The heater control circuit 5 controls the energization of the heater 9 under the control of the microcomputer 3. When the heater control circuit 5 is controlled so that the microcomputer 3 energizes the heater 9, electric power is supplied from the battery 10 to the heater 9. At the same time, the microcomputer 3 controls the heater control circuit 5 to duty-control the energization of the heater 9. Further, the microcomputer 3 detects the current and voltage of the heater 9 via the heater control circuit 5.

As described above, the A / F sensor 6 (more specifically, the heater 9) is electrically connected to the ECU 2 as a control target. Further, the cooling water temperature sensor 11 and the intake air temperature sensor 12 are electrically connected to the ECU 2.

The ROM stores programs, map data, and the like in which various processes executed by the CPU are described. Based on the program stored in the ROM, the CPU executes processing while using the temporary storage area of the RAM as needed, so that the ECU 2 functions as a control means.

The ECU 2 starts energizing the heater 9 when the ignition is turned on, for example. That is, the ECU 2 performs preheat control to energize the heater 9 before starting the engine.

After that, the ECU 2 starts fine energization to the heater 9 after the engine is started. During the period of preheat control and micro-energization, energization control is executed so that the temperature of the sensor element 7 is lower than the temperature at which element cracking due to water exposure occurs (allowable limit temperature).

After the engine is started, the ECU 2 monitors the presence or absence of water on the sensor element 7 from the transition of the temperature of the sensor element 7. If the sensor element 7 is covered with water, the temperature of the sensor element 7 drops.

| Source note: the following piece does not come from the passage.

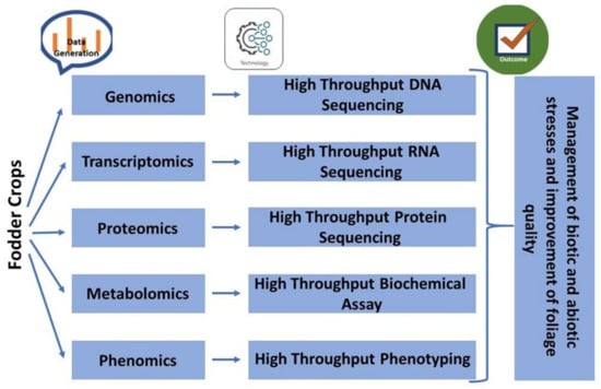 The integration of multi-omics has been successfully performed for yield increment and biotic and abiotic stress tolerance/resistance development in agricultural crops (Figure 2). However, in fodder crops, in the recent past, a handful of studies have been conducted in crop plants using molecular biology approaches of different omic technologies, including genomics, transcriptomics, proteomics, metabolomics, and phenomics [,,,,,], to achieve higher yields along with quality fodder (Figure 3).

If the sensor element 7 is not covered with water for a predetermined time (specifically, a specified value specified in the two-dimensional map data of FIG. 2 to be described later), the ECU 2 fully energizes the heater 9. The start is made so that the sensor element 7 is activated promptly, and then feedback (FB) control is performed. In the FB control, the heater 9 is energized to control the temperature of the sensor element 7 to the target temperature according to the full energization. The target temperature is set to a predetermined active temperature of the sensor element 7.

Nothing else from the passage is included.